● **WHAT TO WORK ON**
Write an exact copy of the entries below that leaves out all pictures.

● **RECORDS SHOWN**
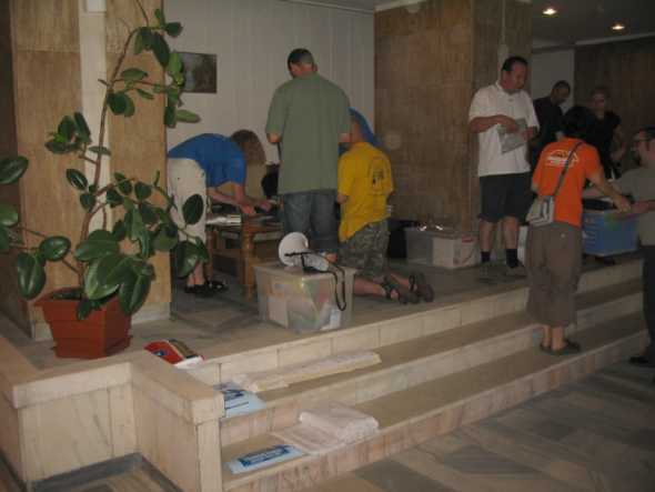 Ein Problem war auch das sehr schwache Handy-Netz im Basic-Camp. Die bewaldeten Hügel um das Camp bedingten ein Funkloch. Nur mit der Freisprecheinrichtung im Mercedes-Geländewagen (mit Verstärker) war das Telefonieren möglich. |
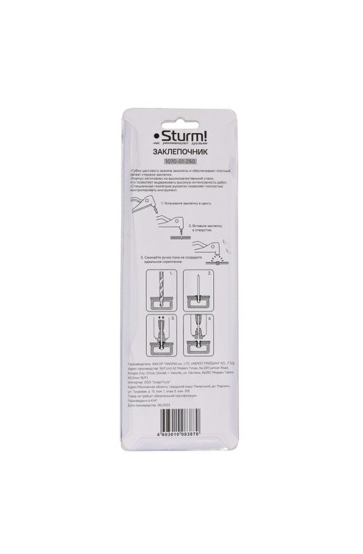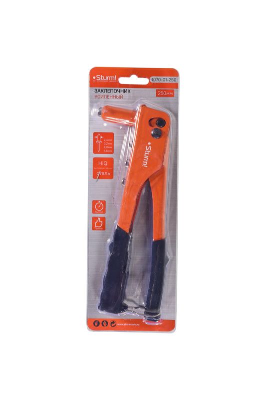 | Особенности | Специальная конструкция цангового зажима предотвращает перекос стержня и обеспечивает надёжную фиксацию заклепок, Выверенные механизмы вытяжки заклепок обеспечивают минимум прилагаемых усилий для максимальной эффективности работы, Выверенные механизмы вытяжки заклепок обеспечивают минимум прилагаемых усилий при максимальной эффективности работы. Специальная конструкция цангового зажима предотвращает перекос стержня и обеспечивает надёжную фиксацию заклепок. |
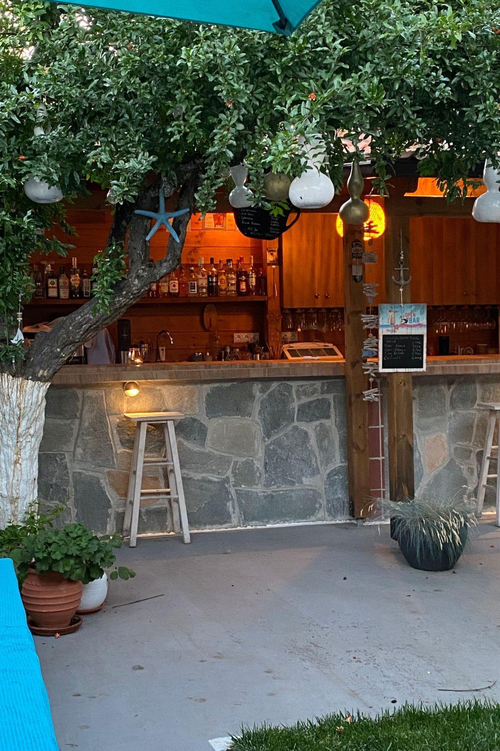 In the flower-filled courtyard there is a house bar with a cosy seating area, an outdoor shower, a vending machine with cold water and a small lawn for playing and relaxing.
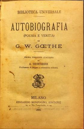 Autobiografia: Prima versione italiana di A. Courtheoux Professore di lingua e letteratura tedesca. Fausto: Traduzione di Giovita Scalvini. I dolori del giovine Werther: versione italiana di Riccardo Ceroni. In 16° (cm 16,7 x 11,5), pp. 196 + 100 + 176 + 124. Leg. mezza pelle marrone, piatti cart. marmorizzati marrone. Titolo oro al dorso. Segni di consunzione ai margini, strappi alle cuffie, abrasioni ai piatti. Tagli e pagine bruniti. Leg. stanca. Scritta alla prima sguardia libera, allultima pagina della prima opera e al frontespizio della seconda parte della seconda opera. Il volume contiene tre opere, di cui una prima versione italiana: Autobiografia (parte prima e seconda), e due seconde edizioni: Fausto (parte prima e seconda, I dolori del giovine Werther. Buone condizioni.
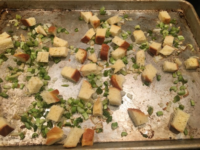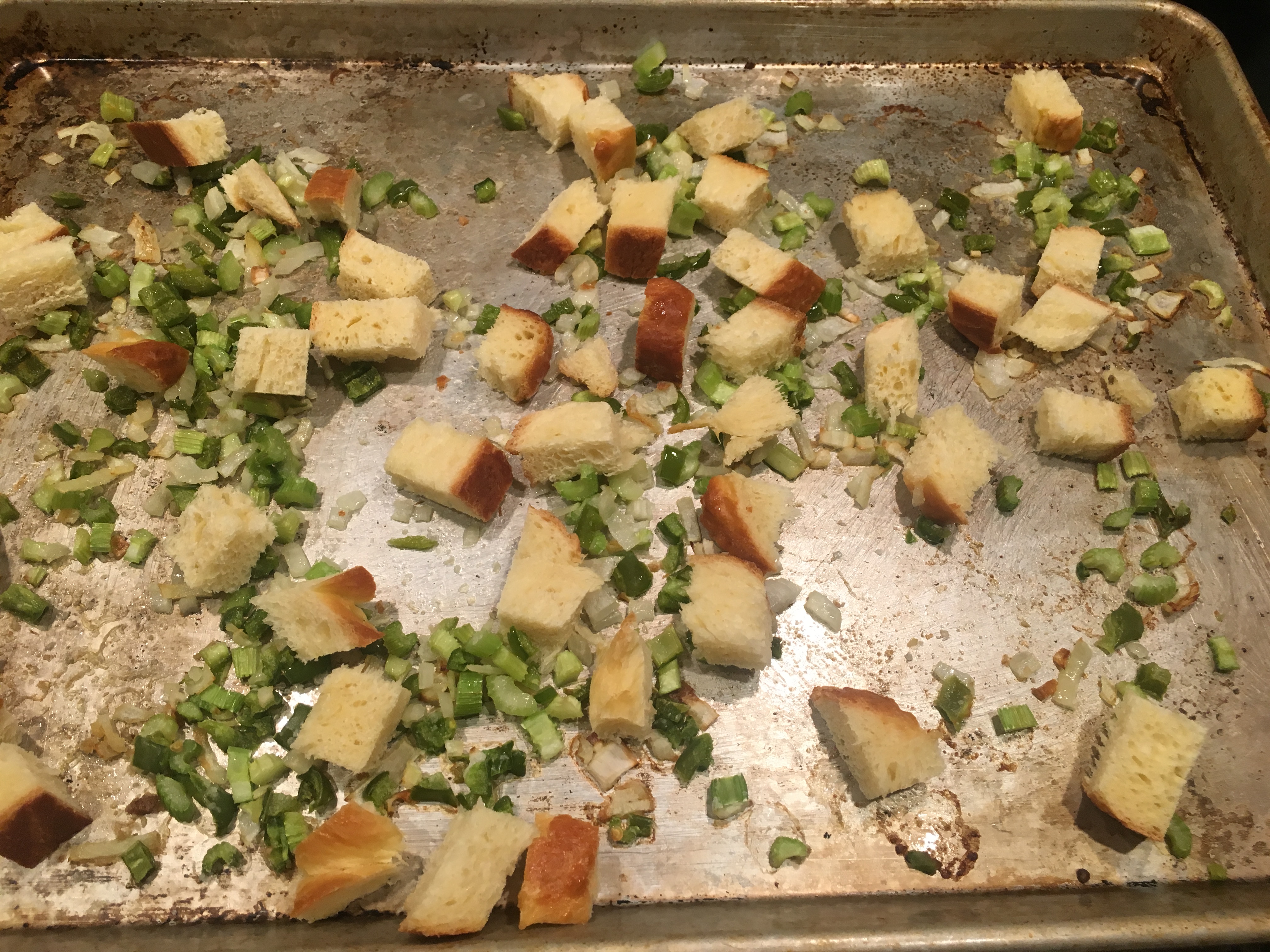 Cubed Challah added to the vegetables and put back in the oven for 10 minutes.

● **PROBLEM SOLUTION**
 Ein Problem war auch das sehr schwache Handy-Netz im Basic-Camp. Die bewaldeten Hügel um das Camp bedingten ein Funkloch. Nur mit der Freisprecheinrichtung im Mercedes-Geländewagen (mit Verstärker) war das Telefonieren möglich. |
 | Особенности | Специальная конструкция цангового зажима предотвращает перекос стержня и обеспечивает надёжную фиксацию заклепок, Выверенные механизмы вытяжки заклепок обеспечивают минимум прилагаемых усилий для максимальной эффективности работы, Выверенные механизмы вытяжки заклепок обеспечивают минимум прилагаемых усилий при максимальной эффективности работы. Специальная конструкция цангового зажима предотвращает перекос стержня и обеспечивает надёжную фиксацию заклепок. |
 In the flower-filled courtyard there is a house bar with a cosy seating area, an outdoor shower, a vending machine with cold water and a small lawn for playing and relaxing.
 Autobiografia: Prima versione italiana di A. Courtheoux Professore di lingua e letteratura tedesca. Fausto: Traduzione di Giovita Scalvini. I dolori del giovine Werther: versione italiana di Riccardo Ceroni. In 16° (cm 16,7 x 11,5), pp. 196 + 100 + 176 + 124. Leg. mezza pelle marrone, piatti cart. marmorizzati marrone. Titolo oro al dorso. Segni di consunzione ai margini, strappi alle cuffie, abrasioni ai piatti. Tagli e pagine bruniti. Leg. stanca. Scritta alla prima sguardia libera, allultima pagina della prima opera e al frontespizio della seconda parte della seconda opera. Il volume contiene tre opere, di cui una prima versione italiana: Autobiografia (parte prima e seconda), e due seconde edizioni: Fausto (parte prima e seconda, I dolori del giovine Werther. Buone condizioni.
 Cubed Challah added to the vegetables and put back in the oven for 10 minutes.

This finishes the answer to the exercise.